1. what oil to use for the motor
2. what oil to use for the hydro
3. how often should I oil the air cleaner


----------



## farmertim (Dec 1, 2010)

Welcome to the forum, onemoar,
I looked at Tractordata.com to see if i could find anything out about your tractor, if you give a year and more info it might make it easier, also a Photo would help.
Cheers:beer:
:aussie:


----------



## Country Boy (Mar 18, 2010)

For the engine oil, I'd use a 15w-40 if its a diesel or a 10w-30 if its a gas. Make sure the oil you use is for the type of engine you are putting it in (ie diesel oil for a diesel engine, gasoline oil for a gasoline engine). There are two different types of engine oil, and you shouldn't interchange them. The hydro should use HyTrain oil from Case IH. You can get it at any Case IH dealership. Other types of oil are not recommended. According to Tractordata.com, the air cleaner is a dry cartridge type and shouldn't be oiled.


----------



## cyrush (Apr 20, 2010)

Danger!!!!!!!!!

Tow starting a Hydro will cause the pump & motor piston slippers to roll their edges and soon your hydro will need an expensive overhaul??????


----------



## Country Boy (Mar 18, 2010)

Good catch cyrush.

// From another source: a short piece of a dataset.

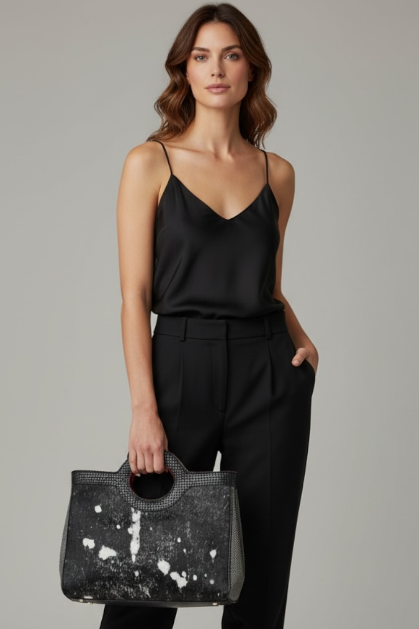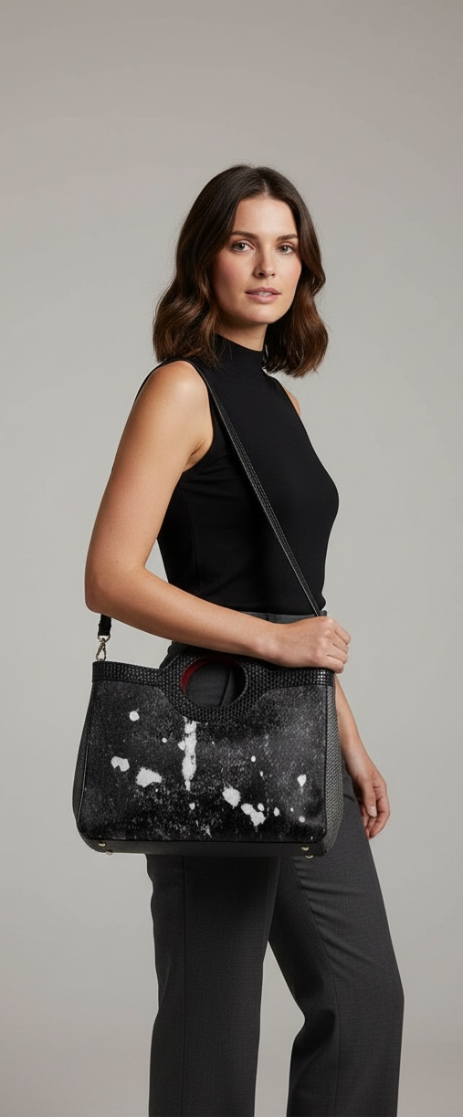 Εντυπωσιακή δερμάτινη τσάντα χειρός διπλής όψης σε μαύρο ασημί "πονυ σκιν" χρώμα στην μία πλευρά, μαύρο στην άλλη και κούμπωμα στα πλαϊνά για να αλλάζετε το στυλ και την χωρητικότητα της. Διαθέτει μία εσωτερική θήκη με φερμουάρ και μία ξεχωριστή για το κινητό ή τα κλειδιά. Επιπλέον, έχει έξτρα ιμάντα που αυξομειώνεται για να κρατηθεί χιαστί.

Is this a hydrostatic drive or a gear drive transmission? I thought you meant hydraulic reservoir when you said "hydro" as in short for hydraulics.


----------



## onemoar (Jun 19, 2011)

gear drive I wasn't aware you could tug start a hydro-static
oil sorted and changed a-worrie-some amount of shavings in the oil but who knows when it was last changed


----------